The power consumption and heat generation of AI chips profoundly impact a company's costs, risks, and the chips' stability and longevity. Frequent overheating or short circuits can severely diminish the effectiveness and efficiency of AI training and inference processes.

A revolution in cooling technology is urgently needed.

Statistics reveal that global data volume stood at around 10EB (Exabytes) in 2015 and is projected to soar to 175ZB (Zettabytes) by 2025, potentially reaching an astonishing 2432ZB by 2035. However, edge AI faces two significant challenges.

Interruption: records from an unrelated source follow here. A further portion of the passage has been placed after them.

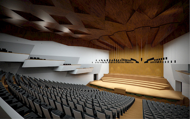 So schlicht das 2011 eröffnete ADDA von aussen wirkt, so spektakulär ist der Konzertsaal im Innern gestaltet: Holz und Kupfer erinnern an das Material von Instrumenten, die Farben Schwarz und Weiss an Klaviertasten.
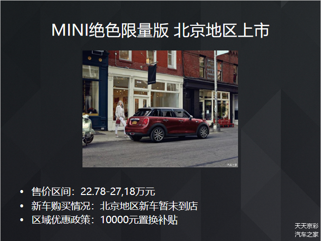 近期,小编从MINI官方获悉,MINI绝色版正式上市,本次共推出3款新车,分别对应三门版/五门版的MINI COOPER(图片 | 参数 | 询价)及三门版MINI COOPER S车型。新车仅售145台,并且使用了十分经典的勃艮第红车漆,展现其独特身份的同时又增添了几分优雅。新车的售价区间在22.78-27.18万元。
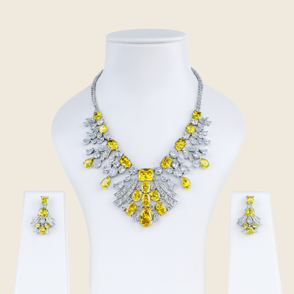 Product Description:Make a royal statement with this Majestic Yellow & White Drop Necklace Set. Featuring vibrant yellow teardrop stones paired with sparkling white CZ diamonds, this...(30%)Regular price Rs. 19,915.00Sale price Rs. 19,915.00 Regular priceUnit price perRs. 28,450.00 -
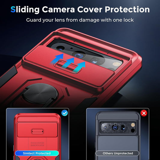 Simtect for Google Pixel 8 Pro Case with Camera Cover: 14FT Military Grade Shockproof, 360° Rotation Ring Stand, Double Layer Cushioned Lens Guard, Full Coverage Case for Pixel 8 Pro, 6.7" Red

First, balancing performance, power consumption, and cost is crucial. Enhancing computational power without pushing power consumption and cost to unreasonable limits, especially in battery-powered low-power devices, is essential. Second, building a robust ecosystem encompassing toolchains, languages, compatibility, and ease of development is vital for the popularization and large-scale application of AI technology, similar to the development of CPUs and GPUs.

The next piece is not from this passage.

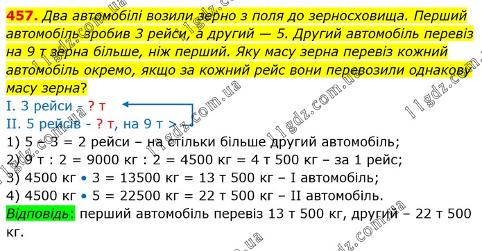 Два автомобілі возили зерно з поля до зерносховища. Перший автомобіль зробив 3 рейси, а другий — 5. Другий автомобіль перевіз на 9 т зерна більше, ніж перший. Яку масу зерна перевіз кожний автомобіль окремо, якщо за кожний рейс вони перевозили однакову масу зерна? І. 3 рейси - ? т ІІ. 5 рейсів - ? т, на 9 т > 1) 5 – 3 = 2 рейси – на стільки більше другий автомобіль; 2) 9 т : 2 = 9000 кг : 2 = 4500 кг = 4 т 500 кг – за 1 рейс; 3) 4500 кг • 3 = 13500 кг = 13 т 500 кг – І автомобіль; 4) 4500 кг • 5 = 22500 кг = 22 т 500 кг – ІІ автомобіль. Відповідь: перший автомобіль перевіз 13 т 500 кг, другий – 22 т 500 кг.
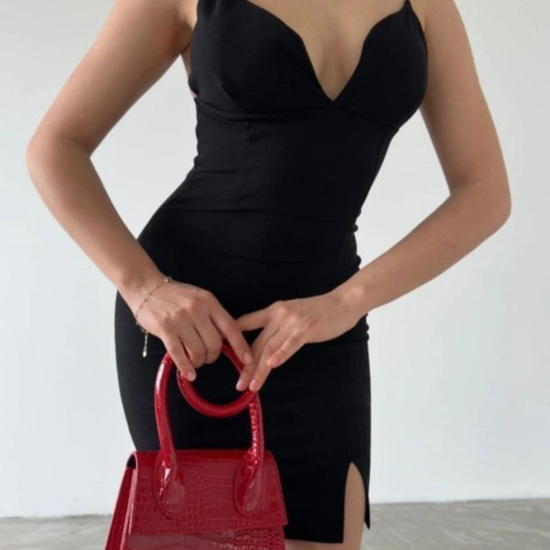 Dalgıç krep kumaşın vücudu saran ve toparlayan özel dokusunu minimalist bir tasarımla birleştiren bu mini elbise, hem iddialı hem de zarif bir silüet sunuyor. İnce askıları ve vücut hatlarını vurgulayan kalıbı sayesinde özel davetlerden gece eğlencelerine kadar her ortamda tüm bakışları üzerinize çeker. Kumaşın kendine has tok duruşu, formunu uzun süre korumasını sağlarken, mini boyuyla modern ve dinamik bir stil vadediyor.

ChatGPT and similar AI robots utilizing large language models (LLMs) to generate human-like conversations are just one of many new AI applications reliant on "parallel computing." This term refers to a network of chips performing massive computational tasks simultaneously.

At the heart of AI infrastructure lies the GPU (Graphics Processing Unit), excelling in handling specialized high-performance parallel computing tasks required for AI. Compared to the CPU (Central Processing Unit) used in personal computers, this robust processing capability comes at the cost of higher energy input and, consequently, greater heat output.

High-end GPUs exhibit a power density approximately four times that of CPUs, posing significant challenges for data center planning. The originally calculated power is now only 25% of what is required to run modern AI data centers. Even cutting-edge hyperscale data centers used by Amazon, Microsoft, and Alphabet for cloud computing are still CPU-driven. For instance, Nvidia's current A100 AI chip consumes approximately 400W per chip, while its latest microchip, the H100, consumes nearly twice as much, reaching 700W, akin to a microwave oven's power consumption. If a hyperscale data center with an average of one million servers replaces its current CPU servers with these GPUs, the required power will increase by 4-5 times (1500MW), equivalent to a nuclear power plant!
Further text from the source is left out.